Page 1 of 1

Strange gcc "de-optimizations" happening on SH pla

PostPosted: Thu Jan 12, 2006 6:32 pm
by cboles
I don't know if anyone on here gets down and dirty with gcc, especially on embedded targets, but I figured it was worth trying...

I'm writing code for the SH2 processor family (SH7055 specifically) using a gcc-3.4.1 cross-compiler. I'm runing into a strange "optimization" bug with the compiler. If I try to AND an unsigned char memory mapped peripheral register with a constant that is has only one '1' bit, in this example 0x40, the compiler tries to "optimize" the comparison by right shifting a copy of the register 6 times and then comparing it to 1, which is a silly way to do things. By contrast if the bit mask is instead 0x41, the resulting assembly code is less than half as large and faster. I get the same results regardless of the optimization options I set.

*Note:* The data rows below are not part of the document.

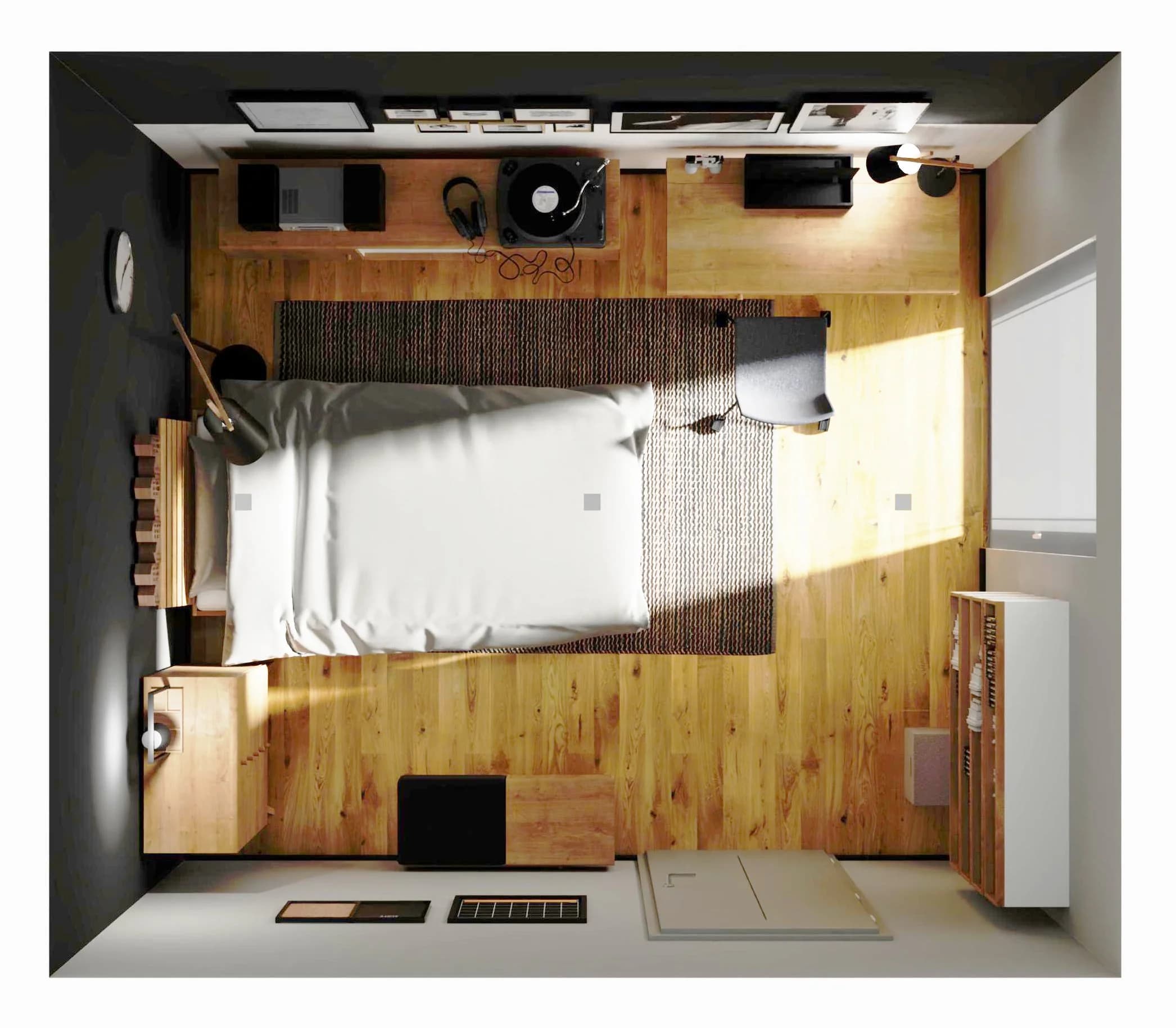W tym pokoju znajdzie się miejsce na relaks i realizację własnych pasji. Mimo niewielkiego metrażu udało się ustawić w nim biurko do nauki, szafkę na konsolę i prywatne drobiazgi, jednoosobowe łóżko i komodę. Ciekawym akcentem dekoracyjnym są sięgające połowy ściany lamele oraz czarno-białe grafiki. Przestrzeń wizualnie ociepla i wycisza duży dywan.
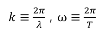 그리고, 파수 (k : wave number) 와 각진동수 (w : angular frequency) 를 이용하면,
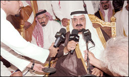وتابع سموه يقول: (نحن نرى كل زعماء العالم يأتون إلينا لأخذ رأيه ومشورته ونصيحته لأسباب الخير.. ونحمد الله أن قيض لنا هذا الرجل وأرجو من كل قلبي أن ندعو له بالتوفيق والسعاده وطول العمر) كما أشاد سموه بجهود سمو ولي العهد في خدمة الوطن والمواطن قائلا (إني أفتخر بأخي وصديقي صاحب السمو الملكي الأمير سلطان بن عبدالعزيز ولي العهد نائب رئيس مجلس الوزراء وزير الدفاع والطيران والمفتش العام على هذه الثقة التي هو في محلها).
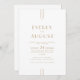 Esta invitación de matrimonio de doble cara de la Everly Collection presenta un diseño blanco minimalista con líneas de decoración de arte delgadas y cálido tipo oro. El diseño centrado y el espaciado generoso proporcionan un aspecto moderno y refinado. Guarde el papel incluyendo un código QR para que su invitado vea detalles, RSVP o ambos.
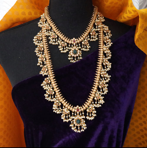 View full detailsHeritage gold plated short and long padakam set necklace HP217
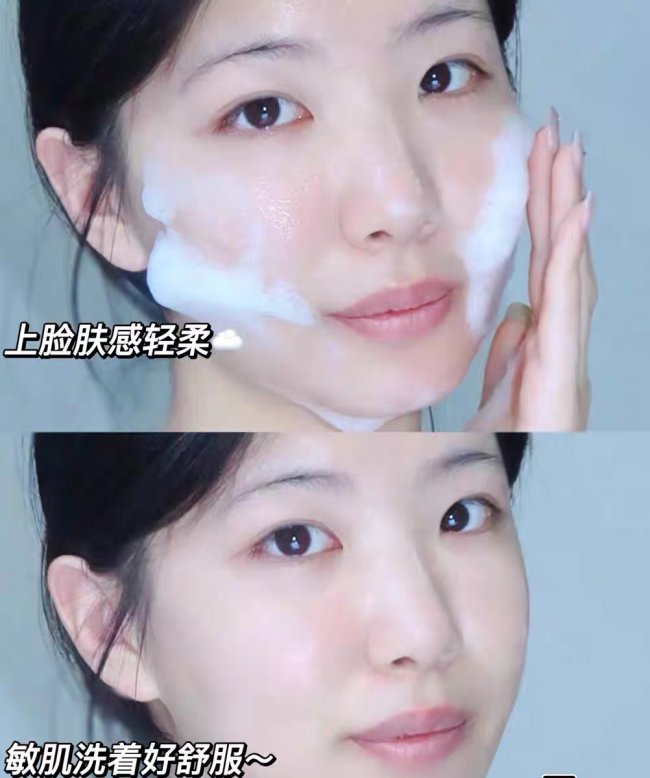 它的起泡效果优秀,挤少量就能揉搓出云朵般绵密的泡沫,上脸按摩触感舒适,能深入清洁毛孔污垢,同时不会过度清洁损伤肌肤屏障。洗完脸不假滑、不紧绷,肌肤呈现水润润的状态,兼顾清洁力与养肤力,适配干皮、敏感肌、混干皮人群。

Any ideas why this is happening or how I can turn this "optimization" off?


Code: Select all
// real code which has the "optimization" problem

#define   SSR1   (*((volatile unsigned char *) 0xFFFFF00C))
if (SSR & (unsigned char)0x40) // test RDRF

 179 00ae 6030           mov.b   @r3,r0
 180 00b0 4009           shlr2   r0
 181 00b2 4009           shlr2   r0
 182 00b4 4009           shlr2   r0
 183 00b6 C901           and   #1,r0
 184 00b8 2008           tst   r0,r0
 185 00ba 8901           bt   .L20

Code: Select all
// sample of how changing the constant to 0x41 prevents the "optimization"
// from being possible and makes for faster, smaller code

#define   SSR1   (*((volatile unsigned char *) 0xFFFFF00C))
if (SSR & (unsigned char)0x41) // sample mask with two '1' bits
 179 00ae 6030           mov.b   @r3,r0
 180 00b0 C841           tst   #65,r0
 181 00b2 8901           bt   .L20

PostPosted: Thu Jan 12, 2006 8:00 pm
by cdvma
I think its a case of "double-optimization". In this case, 0x40 has 6 "insisnifigant" bits that are least signifigant to 0x4 so it tries to eliminate them. That way it reduces the comparison to 1 bit versus 7, or halfs the amount of 8 bit registers used. I would imagine the comparitors built into the cpu handle 8 or 16 bits in parallel so it shouldn't matter. Bit shifting and comparing to 1 is probably a legacy 8 bit optimization. Dunno if there are any options to force higher bit operations only.

Good find tho.

PostPosted: Thu Jan 12, 2006 8:21 pm
by cboles
Right. If the mask '1' bits were above the first 8 bits, I would see how this could be useful. I guess I shouldn't sweat it, but this is an extremely common type of operation to do on a microcontroller when you are checking peripheral status registers, whether it be a 8,16, or 32 bit CPU. I always want to believe that compilers are good and can do a good job of writing asssembly, but whenever I look, I find stuff like this...